Requirement: The listing below must be repeated word for word, without its pictures.
========
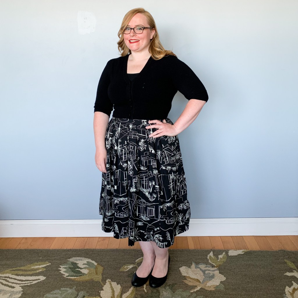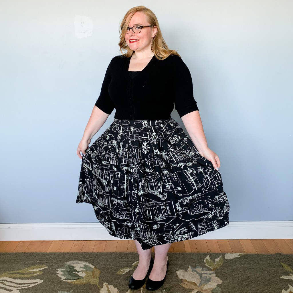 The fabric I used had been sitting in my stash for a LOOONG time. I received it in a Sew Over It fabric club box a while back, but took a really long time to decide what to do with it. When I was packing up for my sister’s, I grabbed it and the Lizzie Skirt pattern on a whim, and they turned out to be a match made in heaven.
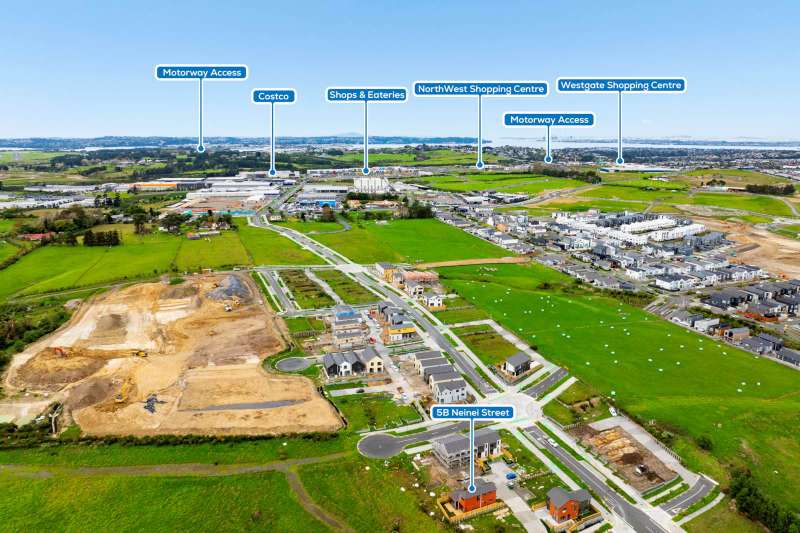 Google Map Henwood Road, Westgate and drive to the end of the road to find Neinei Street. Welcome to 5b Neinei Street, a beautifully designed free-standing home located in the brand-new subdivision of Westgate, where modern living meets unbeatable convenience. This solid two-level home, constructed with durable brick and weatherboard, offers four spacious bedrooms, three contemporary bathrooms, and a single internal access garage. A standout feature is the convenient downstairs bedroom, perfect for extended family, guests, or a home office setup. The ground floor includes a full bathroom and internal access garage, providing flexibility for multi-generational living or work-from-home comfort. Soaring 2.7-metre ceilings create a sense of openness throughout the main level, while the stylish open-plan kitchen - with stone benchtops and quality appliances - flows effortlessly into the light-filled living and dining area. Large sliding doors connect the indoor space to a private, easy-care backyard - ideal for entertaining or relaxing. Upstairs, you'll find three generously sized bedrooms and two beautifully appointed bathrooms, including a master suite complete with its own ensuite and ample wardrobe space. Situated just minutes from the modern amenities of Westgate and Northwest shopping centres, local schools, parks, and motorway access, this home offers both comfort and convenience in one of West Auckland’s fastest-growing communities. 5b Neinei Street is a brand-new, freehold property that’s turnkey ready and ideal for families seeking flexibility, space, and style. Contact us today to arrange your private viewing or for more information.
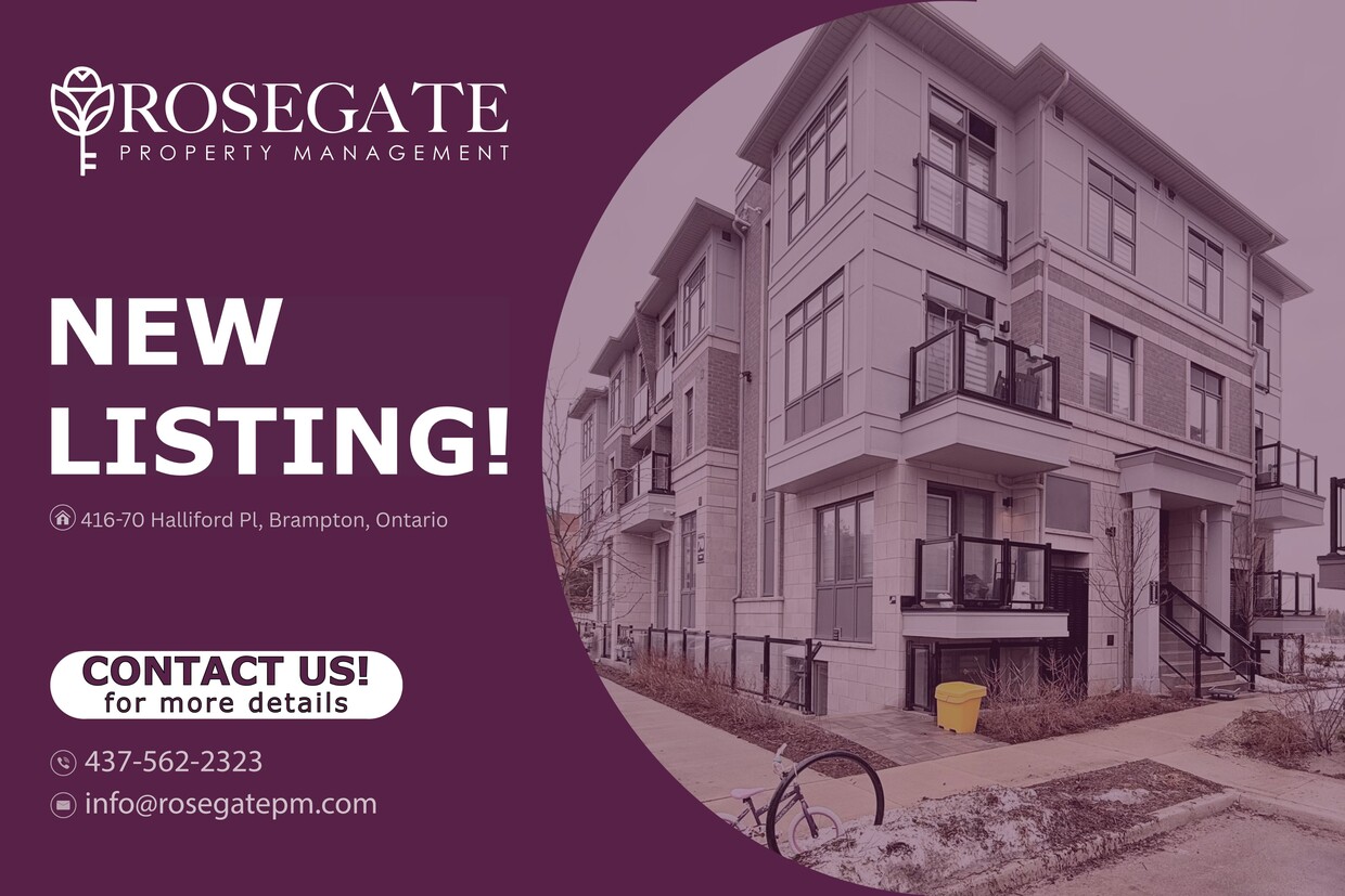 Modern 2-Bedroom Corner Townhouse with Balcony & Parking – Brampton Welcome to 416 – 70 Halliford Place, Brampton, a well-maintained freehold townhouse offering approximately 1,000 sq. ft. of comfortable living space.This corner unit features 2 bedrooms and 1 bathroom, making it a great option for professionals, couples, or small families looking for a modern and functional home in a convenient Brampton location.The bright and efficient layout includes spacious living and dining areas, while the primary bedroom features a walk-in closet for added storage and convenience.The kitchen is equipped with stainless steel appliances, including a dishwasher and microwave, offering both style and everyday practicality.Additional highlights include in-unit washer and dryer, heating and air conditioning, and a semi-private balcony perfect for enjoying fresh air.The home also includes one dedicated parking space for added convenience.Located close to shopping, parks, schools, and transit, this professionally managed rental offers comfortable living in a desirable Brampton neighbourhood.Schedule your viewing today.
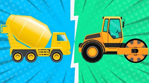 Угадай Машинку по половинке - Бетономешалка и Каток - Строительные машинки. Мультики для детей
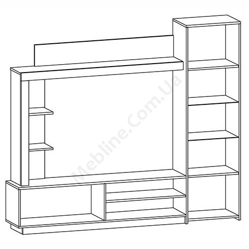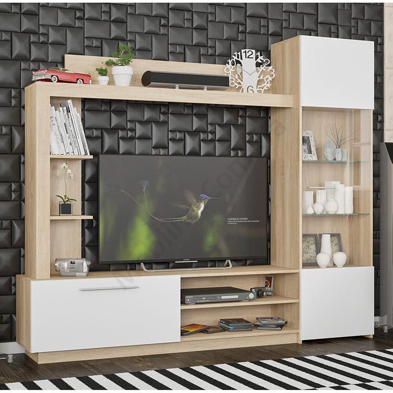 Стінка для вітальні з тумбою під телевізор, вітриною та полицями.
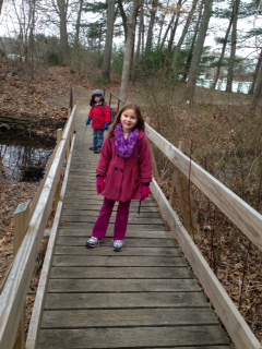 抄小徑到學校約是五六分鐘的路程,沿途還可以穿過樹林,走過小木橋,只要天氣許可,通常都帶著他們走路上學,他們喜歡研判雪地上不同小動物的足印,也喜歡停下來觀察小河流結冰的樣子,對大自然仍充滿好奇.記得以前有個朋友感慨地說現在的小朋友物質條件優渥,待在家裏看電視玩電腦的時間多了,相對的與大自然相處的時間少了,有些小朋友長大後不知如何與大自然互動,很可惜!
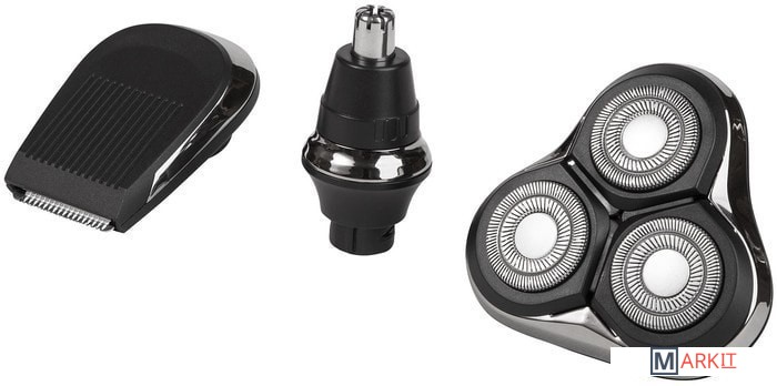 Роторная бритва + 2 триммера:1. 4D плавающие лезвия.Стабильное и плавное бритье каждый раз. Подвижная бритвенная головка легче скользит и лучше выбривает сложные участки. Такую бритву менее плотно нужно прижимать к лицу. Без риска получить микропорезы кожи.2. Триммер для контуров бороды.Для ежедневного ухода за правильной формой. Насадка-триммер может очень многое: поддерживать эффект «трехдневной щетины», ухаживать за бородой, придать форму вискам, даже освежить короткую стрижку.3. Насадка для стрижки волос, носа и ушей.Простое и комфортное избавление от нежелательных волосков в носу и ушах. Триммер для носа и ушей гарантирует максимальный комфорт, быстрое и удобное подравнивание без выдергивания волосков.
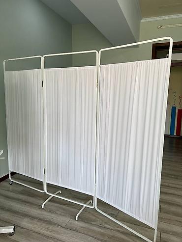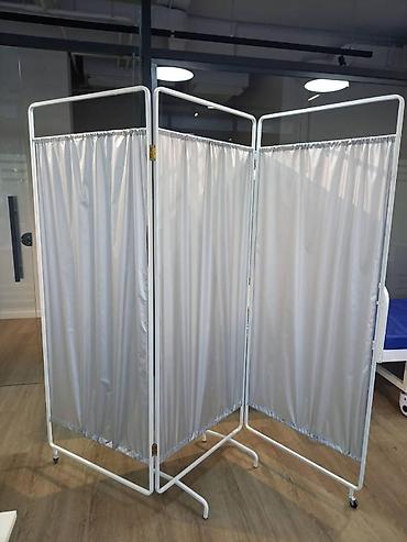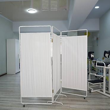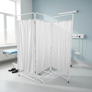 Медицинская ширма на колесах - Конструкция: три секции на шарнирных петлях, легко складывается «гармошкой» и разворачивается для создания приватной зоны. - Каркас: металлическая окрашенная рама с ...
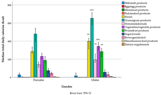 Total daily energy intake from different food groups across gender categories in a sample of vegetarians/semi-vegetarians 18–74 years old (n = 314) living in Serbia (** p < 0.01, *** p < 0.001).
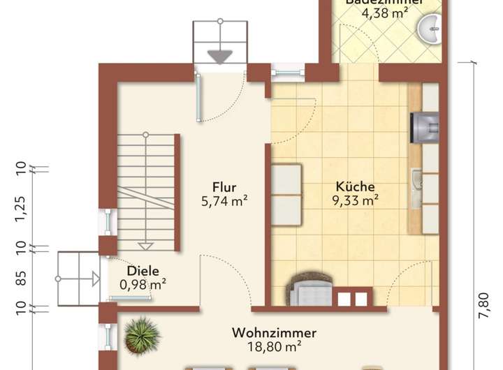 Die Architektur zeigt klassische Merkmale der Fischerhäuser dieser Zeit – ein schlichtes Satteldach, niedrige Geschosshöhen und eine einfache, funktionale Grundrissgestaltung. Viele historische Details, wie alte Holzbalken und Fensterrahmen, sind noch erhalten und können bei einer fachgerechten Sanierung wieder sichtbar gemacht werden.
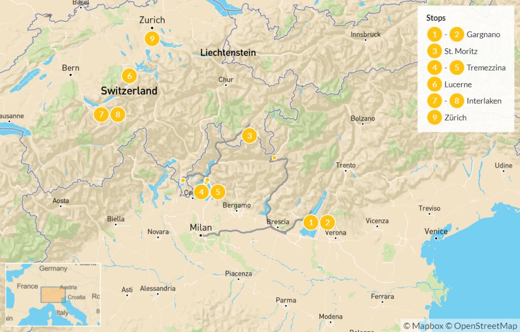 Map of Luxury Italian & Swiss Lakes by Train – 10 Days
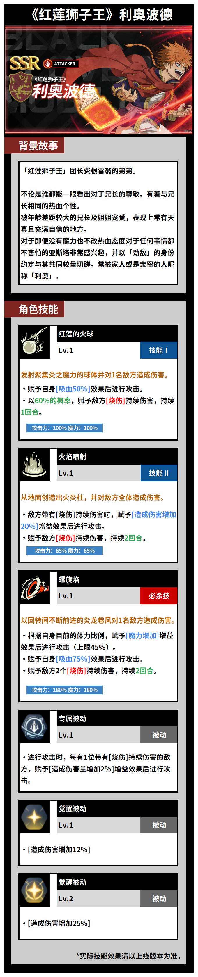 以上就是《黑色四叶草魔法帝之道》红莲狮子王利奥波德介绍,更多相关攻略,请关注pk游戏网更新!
========
Answer box:
 The fabric I used had been sitting in my stash for a LOOONG time. I received it in a Sew Over It fabric club box a while back, but took a really long time to decide what to do with it. When I was packing up for my sister’s, I grabbed it and the Lizzie Skirt pattern on a whim, and they turned out to be a match made in heaven.
 Google Map Henwood Road, Westgate and drive to the end of the road to find Neinei Street. Welcome to 5b Neinei Street, a beautifully designed free-standing home located in the brand-new subdivision of Westgate, where modern living meets unbeatable convenience. This solid two-level home, constructed with durable brick and weatherboard, offers four spacious bedrooms, three contemporary bathrooms, and a single internal access garage. A standout feature is the convenient downstairs bedroom, perfect for extended family, guests, or a home office setup. The ground floor includes a full bathroom and internal access garage, providing flexibility for multi-generational living or work-from-home comfort. Soaring 2.7-metre ceilings create a sense of openness throughout the main level, while the stylish open-plan kitchen - with stone benchtops and quality appliances - flows effortlessly into the light-filled living and dining area. Large sliding doors connect the indoor space to a private, easy-care backyard - ideal for entertaining or relaxing. Upstairs, you'll find three generously sized bedrooms and two beautifully appointed bathrooms, including a master suite complete with its own ensuite and ample wardrobe space. Situated just minutes from the modern amenities of Westgate and Northwest shopping centres, local schools, parks, and motorway access, this home offers both comfort and convenience in one of West Auckland’s fastest-growing communities. 5b Neinei Street is a brand-new, freehold property that’s turnkey ready and ideal for families seeking flexibility, space, and style. Contact us today to arrange your private viewing or for more information.
 Modern 2-Bedroom Corner Townhouse with Balcony & Parking – Brampton Welcome to 416 – 70 Halliford Place, Brampton, a well-maintained freehold townhouse offering approximately 1,000 sq. ft. of comfortable living space.This corner unit features 2 bedrooms and 1 bathroom, making it a great option for professionals, couples, or small families looking for a modern and functional home in a convenient Brampton location.The bright and efficient layout includes spacious living and dining areas, while the primary bedroom features a walk-in closet for added storage and convenience.The kitchen is equipped with stainless steel appliances, including a dishwasher and microwave, offering both style and everyday practicality.Additional highlights include in-unit washer and dryer, heating and air conditioning, and a semi-private balcony perfect for enjoying fresh air.The home also includes one dedicated parking space for added convenience.Located close to shopping, parks, schools, and transit, this professionally managed rental offers comfortable living in a desirable Brampton neighbourhood.Schedule your viewing today.
 Угадай Машинку по половинке - Бетономешалка и Каток - Строительные машинки. Мультики для детей
 Стінка для вітальні з тумбою під телевізор, вітриною та полицями.
 抄小徑到學校約是五六分鐘的路程,沿途還可以穿過樹林,走過小木橋,只要天氣許可,通常都帶著他們走路上學,他們喜歡研判雪地上不同小動物的足印,也喜歡停下來觀察小河流結冰的樣子,對大自然仍充滿好奇.記得以前有個朋友感慨地說現在的小朋友物質條件優渥,待在家裏看電視玩電腦的時間多了,相對的與大自然相處的時間少了,有些小朋友長大後不知如何與大自然互動,很可惜!
 Роторная бритва + 2 триммера:1. 4D плавающие лезвия.Стабильное и плавное бритье каждый раз. Подвижная бритвенная головка легче скользит и лучше выбривает сложные участки. Такую бритву менее плотно нужно прижимать к лицу. Без риска получить микропорезы кожи.2. Триммер для контуров бороды.Для ежедневного ухода за правильной формой. Насадка-триммер может очень многое: поддерживать эффект «трехдневной щетины», ухаживать за бородой, придать форму вискам, даже освежить короткую стрижку.3. Насадка для стрижки волос, носа и ушей.Простое и комфортное избавление от нежелательных волосков в носу и ушах. Триммер для носа и ушей гарантирует максимальный комфорт, быстрое и удобное подравнивание без выдергивания волосков.
 Медицинская ширма на колесах - Конструкция: три секции на шарнирных петлях, легко складывается «гармошкой» и разворачивается для создания приватной зоны. - Каркас: металлическая окрашенная рама с ...
 Total daily energy intake from different food groups across gender categories in a sample of vegetarians/semi-vegetarians 18–74 years old (n = 314) living in Serbia (** p < 0.01, *** p < 0.001).
 Die Architektur zeigt klassische Merkmale der Fischerhäuser dieser Zeit – ein schlichtes Satteldach, niedrige Geschosshöhen und eine einfache, funktionale Grundrissgestaltung. Viele historische Details, wie alte Holzbalken und Fensterrahmen, sind noch erhalten und können bei einer fachgerechten Sanierung wieder sichtbar gemacht werden.
 Map of Luxury Italian & Swiss Lakes by Train – 10 Days
 以上就是《黑色四叶草魔法帝之道》红莲狮子王利奥波德介绍,更多相关攻略,请关注pk游戏网更新!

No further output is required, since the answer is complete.